Böyle bir siyaset olabilir mi Sayın Erdoğan? Çocuğun okulda içeceği çorbaya müsaade vermeyerek, ona verdiğimiz kırtasiye kitine mani olmaya çalışarak, fakir bayanın çocuğuna bakacak kreşi yapıp onun maaşlı bir işte çalışmasını sağlayarak bizim elde ettiğimiz siyasi muvaffakiyetle yarışacaksan bunları sen de yapacaksın, senin belediyelerin de yapacak, o denli yarışacaksın. Bunlara mahzur olmak haksızlıktır, vicdansızlıktır. Bunlara mahzur olunması seçim kazandırmaz, temel siyasi felaketin büyüğünü yaşayacağınızı ve buna çok yakında olduğunuzu gösterir.
“Milletimiz bunların ne durumda olduklarını, nasıl bir çaresizlik içinde olduklarını en yakından görüyorlar”

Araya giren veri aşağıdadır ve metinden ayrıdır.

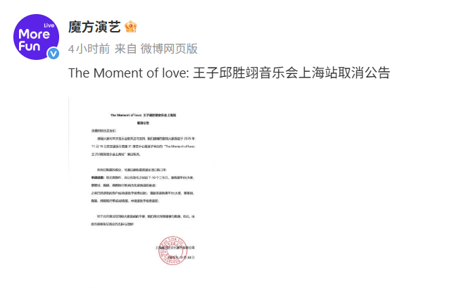 王子上海演出取消 30日,魔方演艺发布公告,宣布王子邱胜翊原定于11月16日举办的上海场音乐会取消。此前,范姜彥丰曾公开点名王子插足他与粿粿的婚姻。

AK Parti’nin Ankara adayı Turgut Altınok 100 kreş kelamı vermiş, bir yıl içinde. Seçimi kazanamamış. Neden? Bunu yapan varken bugüne kadar yapmayana, kendi yönettiği ilçede bir kreş açmayana kanmadı Ankaralı. Lakin 100 kreş kelamı vermiş. Zira Mansur Yavaş yapıyor ve beğeniliyor diye. Gelelim İzmir adayı Hamza Dağ. İzmir’de 100 kreş açağını annelere kelam olarak vermiş. Hamza Dağ orada, MEB orada. Ve son olarak bize yazıyı yollayan Şehircilik Bakanı Murat Kurum, İstanbul adayıyken İstanbul’un her mahallesine bir kreş kelamı vermiş.
Bütün billboardlarda yazıyordu. Artık soruyorum Murat Kurum’a, Hamza Dağ ve Turgut Altınok’a: Siz kazansaydınız kreş açacaktınız, biz kazandık, o kreşleri esasen açmıştık, fazlasını yaptık. Artık sizinkiler ‘Kapatalım oylar CHP’den gitsin’ diyor. Bu akıl mı, bu vicdan mı? Bu namus mu? Bu siyaset mi? Olmaz olsun sizin siyasetiniz. Biz bu hukuksuz karara direniriz. Biz bununla uğraş ederiz. Ancak milletimiz bunların ne durumda olduklarını, nasıl bir çaresizlik içinde olduklarını en yakından görüyorlar” (ANKA)
“Doğal besine ulaşmanın bir yolu var!”